_WORK ORDER_
What are the lines, word for word, from the line with "Joanna Ultra Color" up to and including the line with "米 青岛版 计算2年级上学期同步练习册表内乘法表内除法厘米" in the records below? Omit the pictures.

_AVAILABLE DATA_
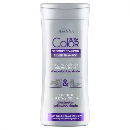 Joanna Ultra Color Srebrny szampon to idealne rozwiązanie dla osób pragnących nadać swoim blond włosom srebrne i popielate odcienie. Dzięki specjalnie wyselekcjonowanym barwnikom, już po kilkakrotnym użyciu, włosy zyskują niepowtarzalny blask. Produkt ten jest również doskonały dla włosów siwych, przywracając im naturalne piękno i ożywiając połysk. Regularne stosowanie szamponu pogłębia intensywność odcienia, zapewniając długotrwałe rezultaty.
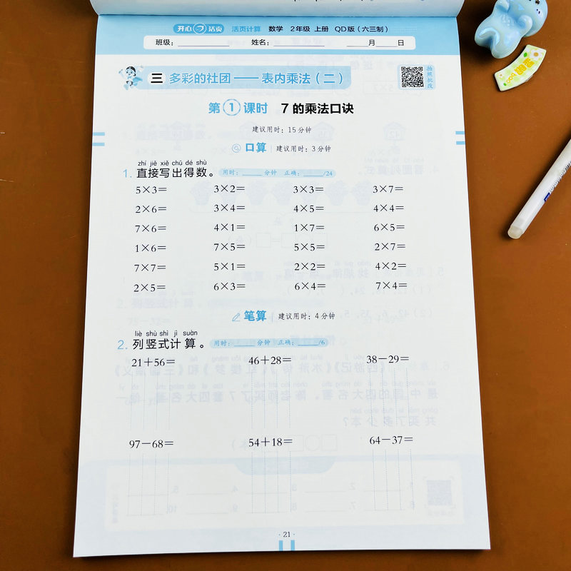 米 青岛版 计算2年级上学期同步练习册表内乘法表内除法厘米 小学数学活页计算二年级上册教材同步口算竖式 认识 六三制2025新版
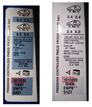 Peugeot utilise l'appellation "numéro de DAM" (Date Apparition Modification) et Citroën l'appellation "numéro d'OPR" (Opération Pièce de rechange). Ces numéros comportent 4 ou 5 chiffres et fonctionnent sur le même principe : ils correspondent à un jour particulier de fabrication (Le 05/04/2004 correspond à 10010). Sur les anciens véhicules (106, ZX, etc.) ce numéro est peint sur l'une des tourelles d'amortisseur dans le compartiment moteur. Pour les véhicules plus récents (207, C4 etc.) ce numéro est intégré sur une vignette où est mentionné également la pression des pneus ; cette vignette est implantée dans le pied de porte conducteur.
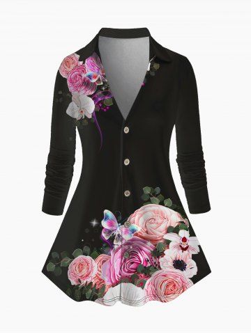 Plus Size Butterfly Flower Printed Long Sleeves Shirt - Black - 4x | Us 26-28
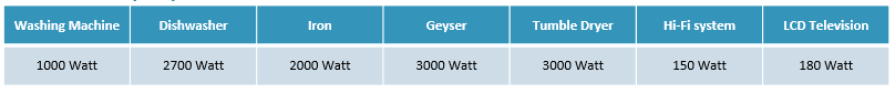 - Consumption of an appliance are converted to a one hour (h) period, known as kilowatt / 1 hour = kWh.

==

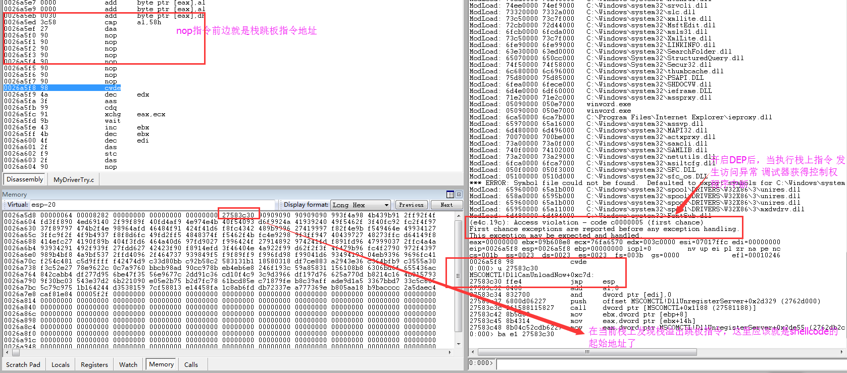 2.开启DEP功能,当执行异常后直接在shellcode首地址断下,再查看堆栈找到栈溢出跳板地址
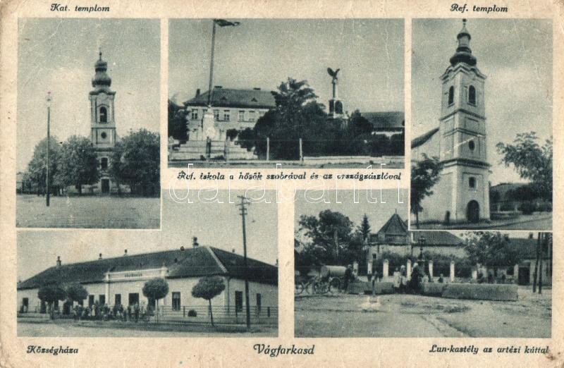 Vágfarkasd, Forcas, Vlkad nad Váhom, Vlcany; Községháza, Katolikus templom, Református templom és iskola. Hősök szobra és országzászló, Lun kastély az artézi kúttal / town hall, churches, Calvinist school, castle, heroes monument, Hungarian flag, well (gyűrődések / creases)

---

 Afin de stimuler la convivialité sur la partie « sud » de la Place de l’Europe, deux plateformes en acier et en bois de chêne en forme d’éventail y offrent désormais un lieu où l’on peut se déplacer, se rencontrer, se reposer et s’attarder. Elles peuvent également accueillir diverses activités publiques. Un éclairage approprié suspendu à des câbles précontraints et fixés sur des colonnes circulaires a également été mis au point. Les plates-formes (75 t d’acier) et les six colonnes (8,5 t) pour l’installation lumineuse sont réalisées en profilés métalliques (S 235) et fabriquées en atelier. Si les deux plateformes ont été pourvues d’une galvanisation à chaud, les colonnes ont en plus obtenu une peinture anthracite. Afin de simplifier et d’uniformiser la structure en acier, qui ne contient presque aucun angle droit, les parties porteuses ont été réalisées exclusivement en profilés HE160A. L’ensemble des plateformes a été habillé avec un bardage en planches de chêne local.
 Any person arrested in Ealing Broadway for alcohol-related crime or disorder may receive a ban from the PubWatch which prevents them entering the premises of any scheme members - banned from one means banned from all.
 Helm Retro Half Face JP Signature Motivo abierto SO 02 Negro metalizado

_RESULT BELOW_
 Joanna Ultra Color Srebrny szampon to idealne rozwiązanie dla osób pragnących nadać swoim blond włosom srebrne i popielate odcienie. Dzięki specjalnie wyselekcjonowanym barwnikom, już po kilkakrotnym użyciu, włosy zyskują niepowtarzalny blask. Produkt ten jest również doskonały dla włosów siwych, przywracając im naturalne piękno i ożywiając połysk. Regularne stosowanie szamponu pogłębia intensywność odcienia, zapewniając długotrwałe rezultaty.
 米 青岛版 计算2年级上学期同步练习册表内乘法表内除法厘米 小学数学活页计算二年级上册教材同步口算竖式 认识 六三制2025新版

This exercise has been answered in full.